Now that it has been showed that there are two ways to measure heterogeneity, a new question is whether our proposed method control both measures in the same way and whether it is possible to formally analyse it.

task <- rgamma_cost(300, 1, 0.1)
proc <- rgamma_cost(300, 1, 0.2)
mat <- generate_heterogeneous_matrix_shuffling_smallest_cost(task, proc)
CV_mean_row(mat)
## [1] 0.09917
mean_CV_col(mat)
## [1] 0.1874
CV_mean_col(mat)
## [1] 0.2073
mean_CV_row(mat)
## [1] 0.2694

Unfortunately, this does not give the same measure. I have no hope to analytically derive the expected mean of the CV for either the rows or the columns. The noise method could be superior with this respect. The only concrete observation is that the mean of the CV are superior to their counterparts (up to twice), but are not precisely controlled.

Conclusion

It was showed that there is two ways to measure heterogeneity, even though these are equivalent in the uniform case.

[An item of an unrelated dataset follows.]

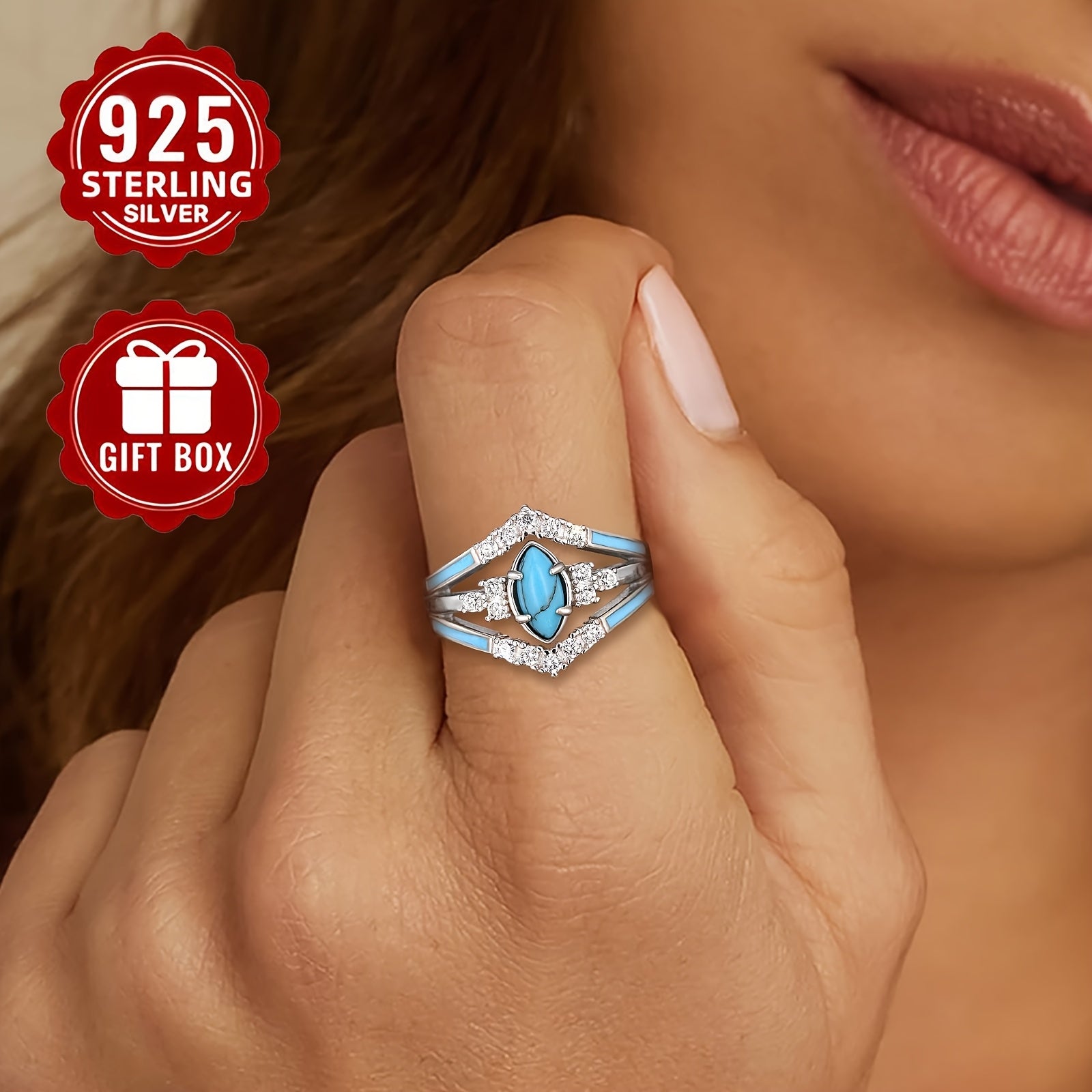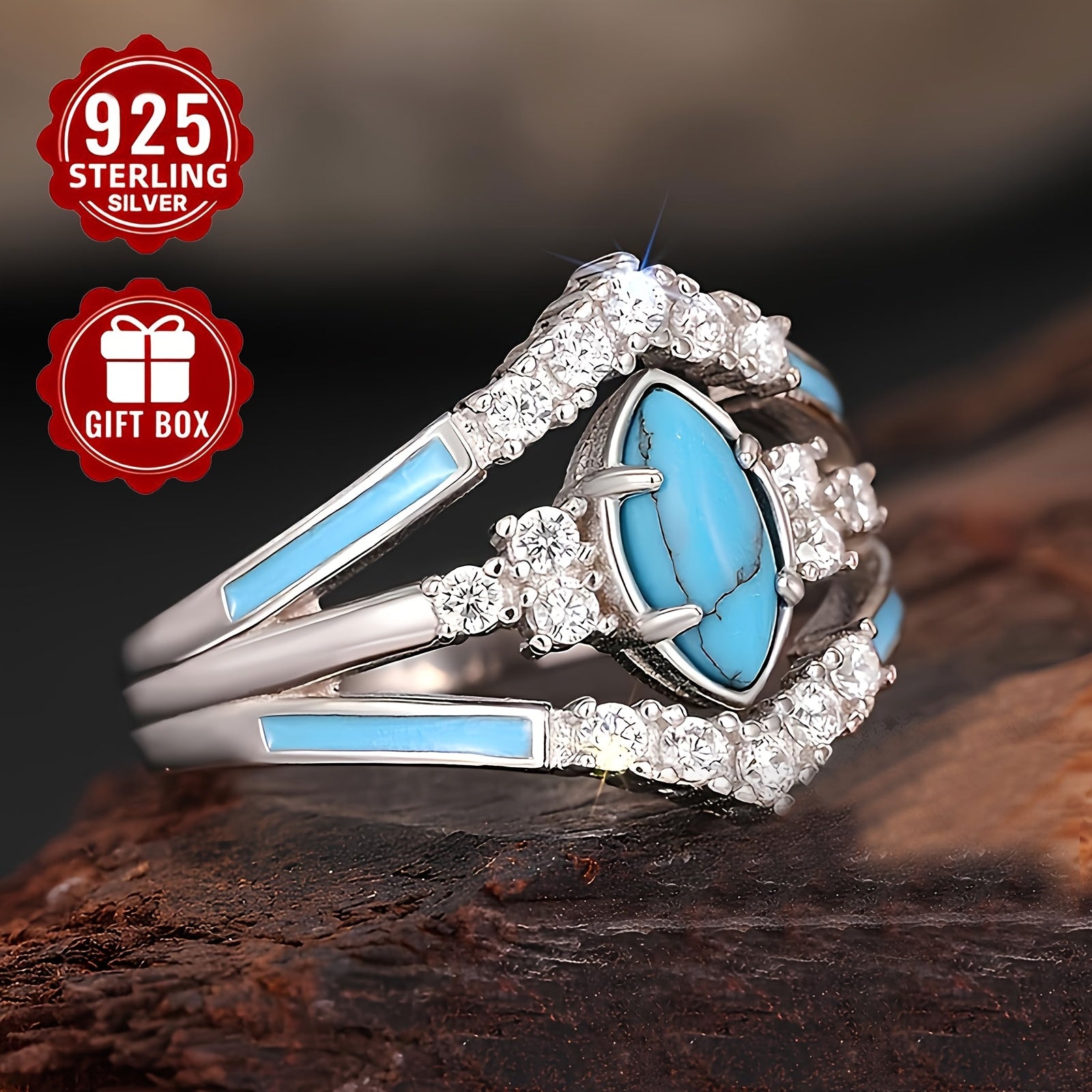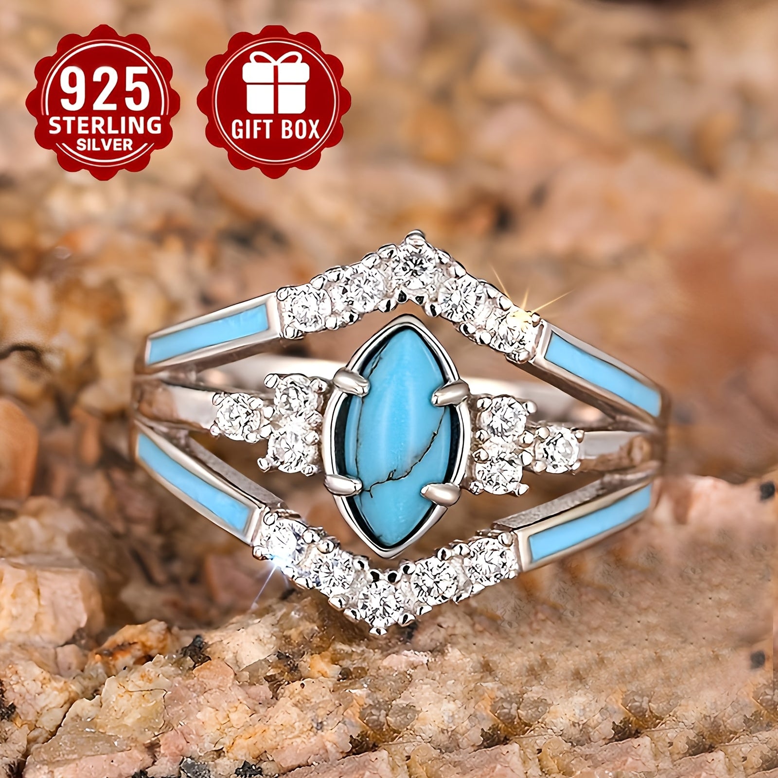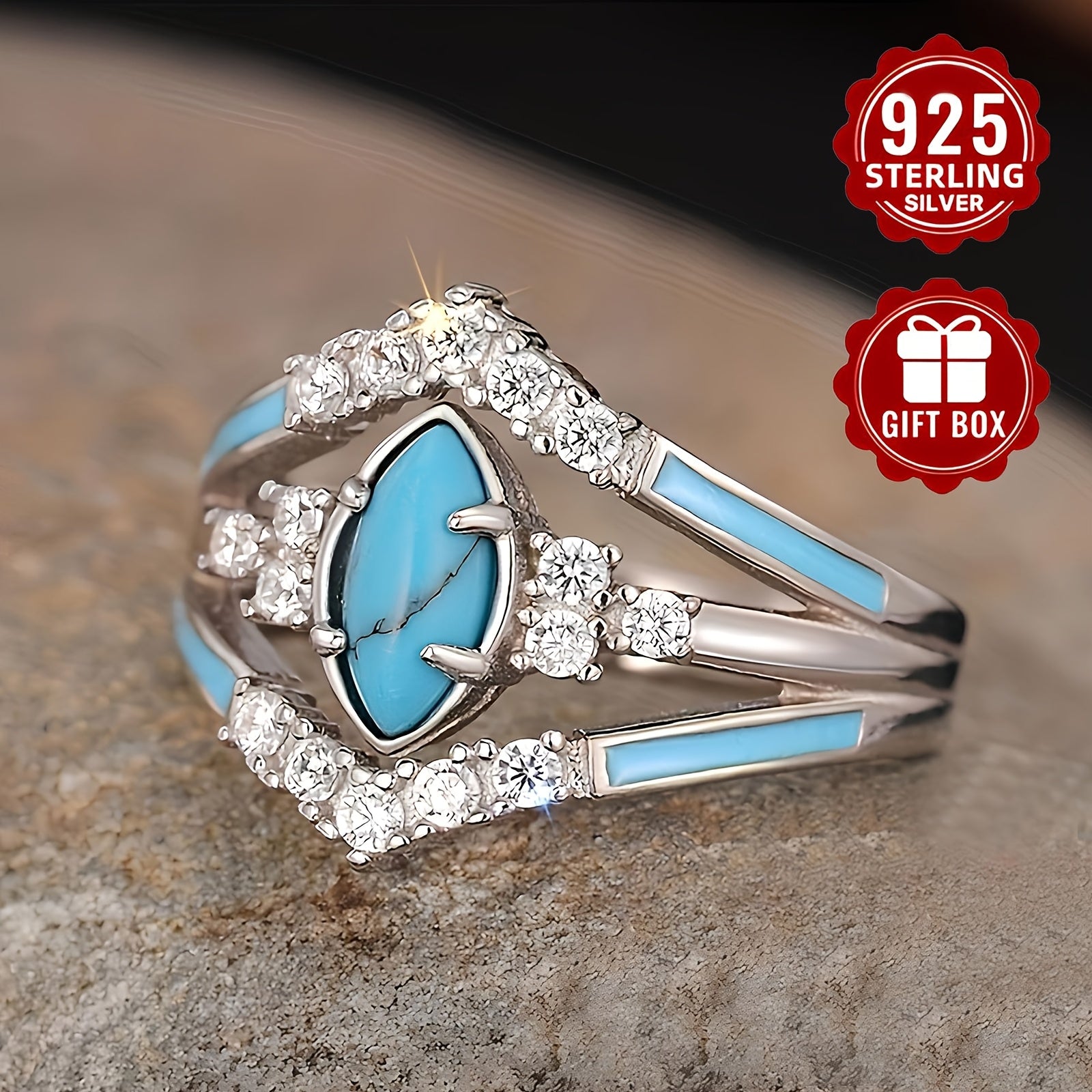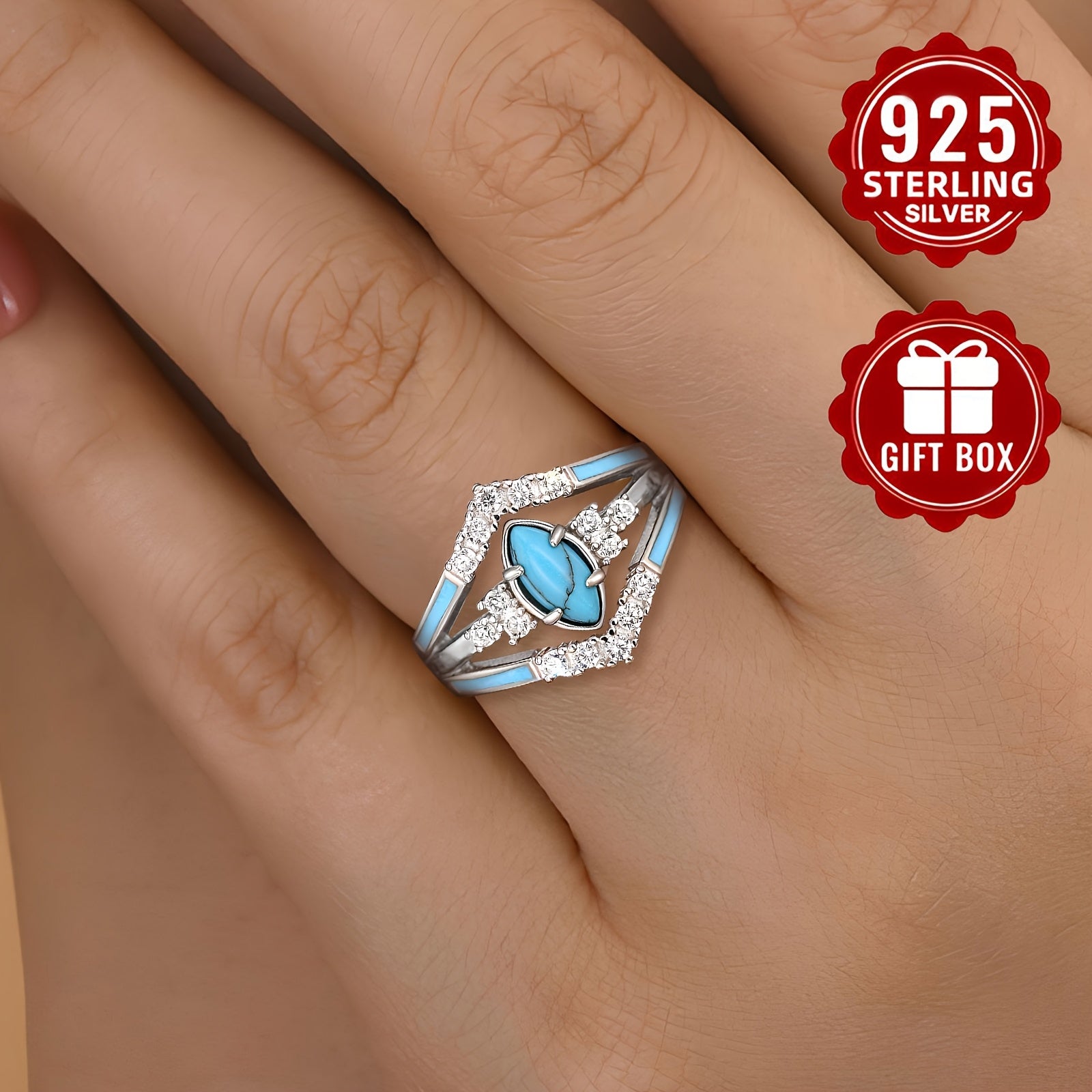 Add a pop of color and unique style to your look with this eye-shaped synthetic turquoise ring. Perfect for daily wear or special occasions, this vintage bohemian ring is adorned with sparkling zirconia and features enchanting enamel details.

We have analysed Siegel's methods. The consistent CV-based method actually allows the control of the heterogeneity with both heterogeneity measures. But, this method is quite close to the uniform method, which is more intuitive. The semi-consistent method has not been considered but should not present any challenge.

With our method, on the other hand, we control the heterogeneity with respect to one measure. This method removes most of the correlation, which the consistent CV-based method does not. Also, the shuffling method is slightly easier to use that the noise-based one because there is one additional parameter with this last method.